* Data section
+++++

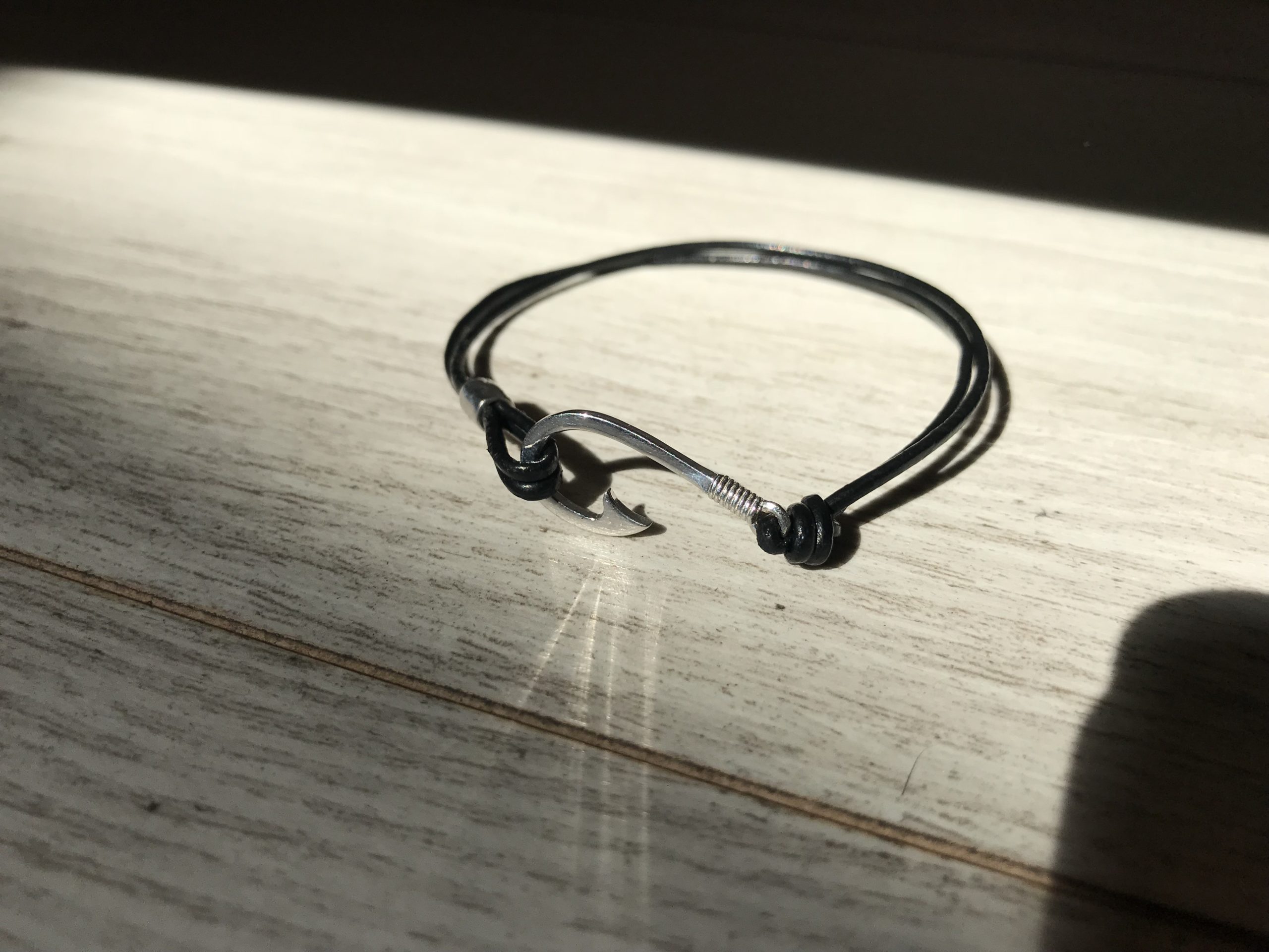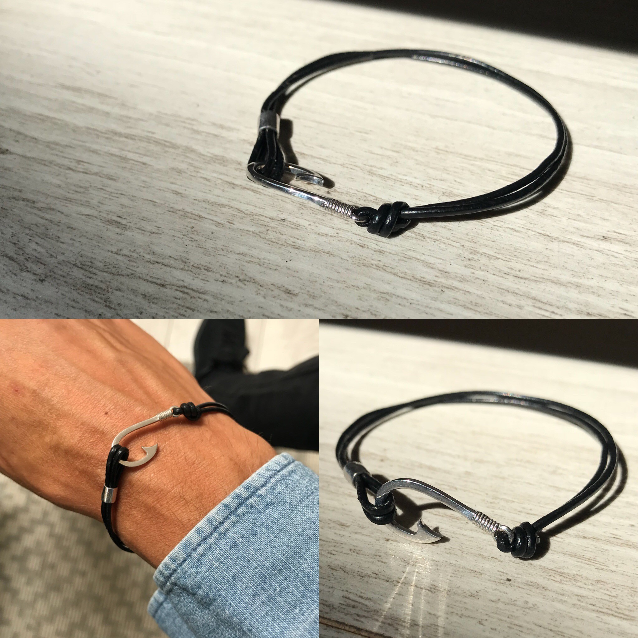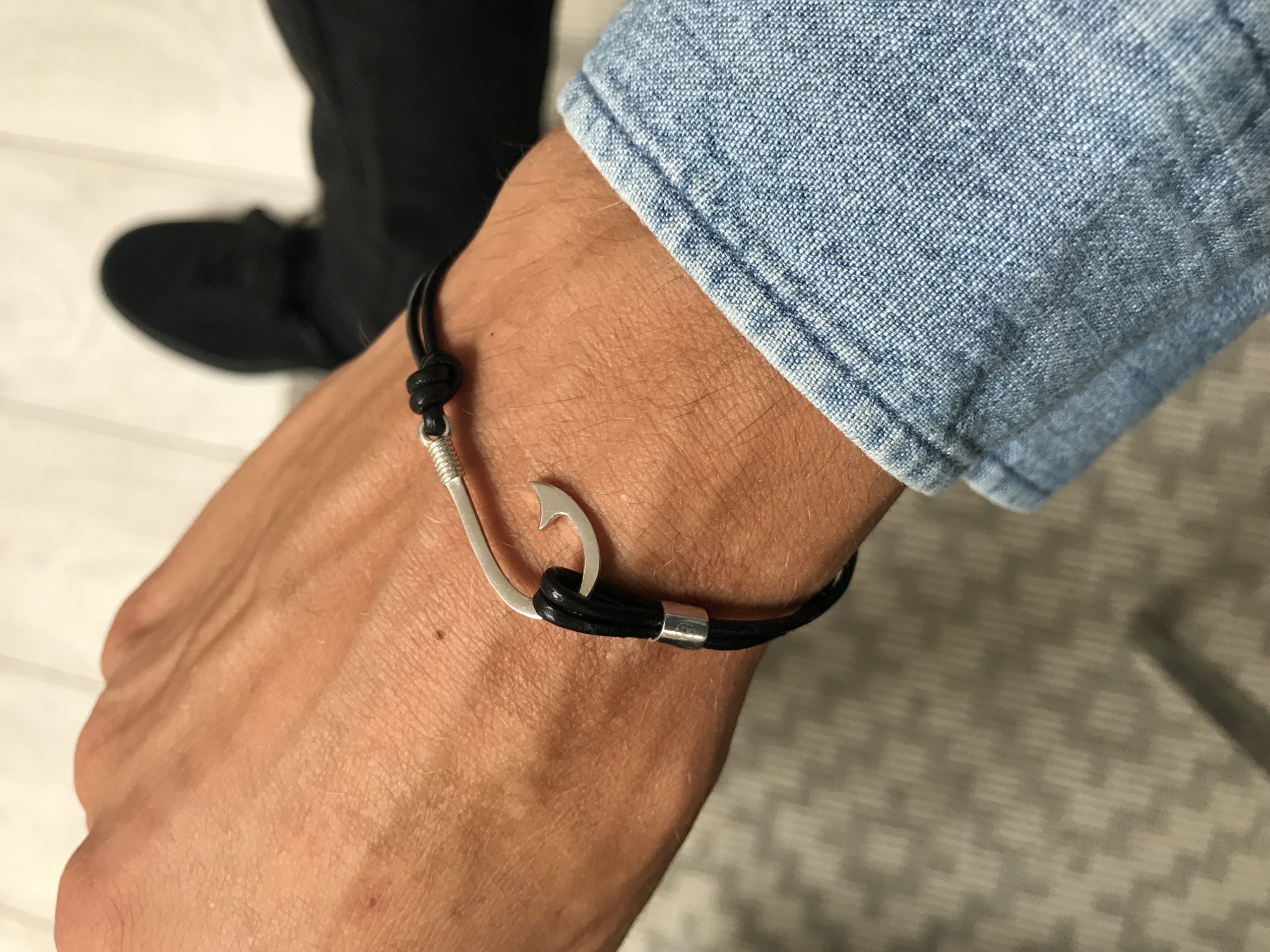 Bracelet Achor in silver with black leather
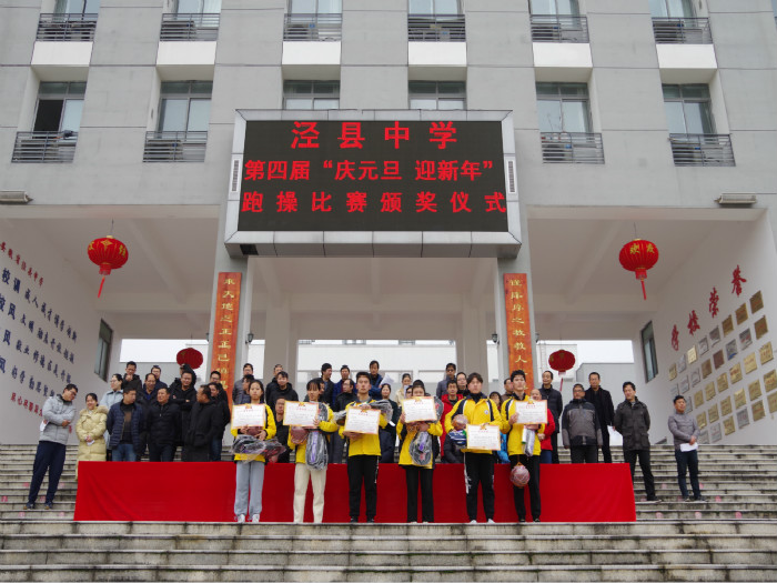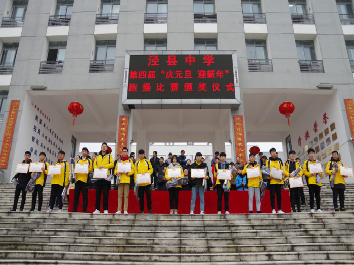 同时,升旗仪式上进行了爱心捐款倡议,并举行了泾县中学第四届“庆元旦 迎新年”跑操比赛的颁奖仪式。
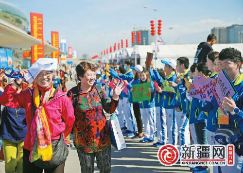 2016年9月25日,第五屆中國—亞歐博覽會圓滿落幕。亞歐博覽會的志愿者們舉著“大美新疆歡迎您”“后會有期”“中國—亞歐博覽會歡迎您再來”等祝福語,在新疆國際會展中心西門列隊歡送參展商和觀眾。圖為當日14 時50 分,來自重慶的游客陳女士揮手向志愿者們道別。(記者蔣曉攝)
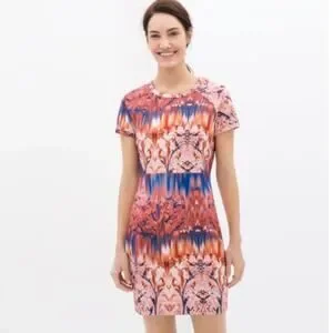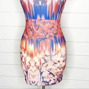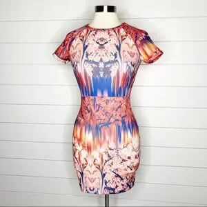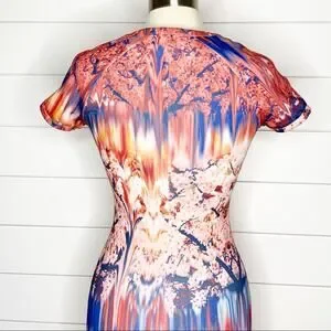 ZARA Collection Cherry Blossom Sheath Dress Pink Blue Size Small

+++++

* Problem requirements
Restate word for word only the lines from the one with "同时,升旗仪式上进行了爱心捐" through the last line of the material, both included. Any picture should be left out.

* Exercise answer
 同时,升旗仪式上进行了爱心捐款倡议,并举行了泾县中学第四届“庆元旦 迎新年”跑操比赛的颁奖仪式。
 2016年9月25日,第五屆中國—亞歐博覽會圓滿落幕。亞歐博覽會的志愿者們舉著“大美新疆歡迎您”“后會有期”“中國—亞歐博覽會歡迎您再來”等祝福語,在新疆國際會展中心西門列隊歡送參展商和觀眾。圖為當日14 時50 分,來自重慶的游客陳女士揮手向志愿者們道別。(記者蔣曉攝)
 ZARA Collection Cherry Blossom Sheath Dress Pink Blue Size Small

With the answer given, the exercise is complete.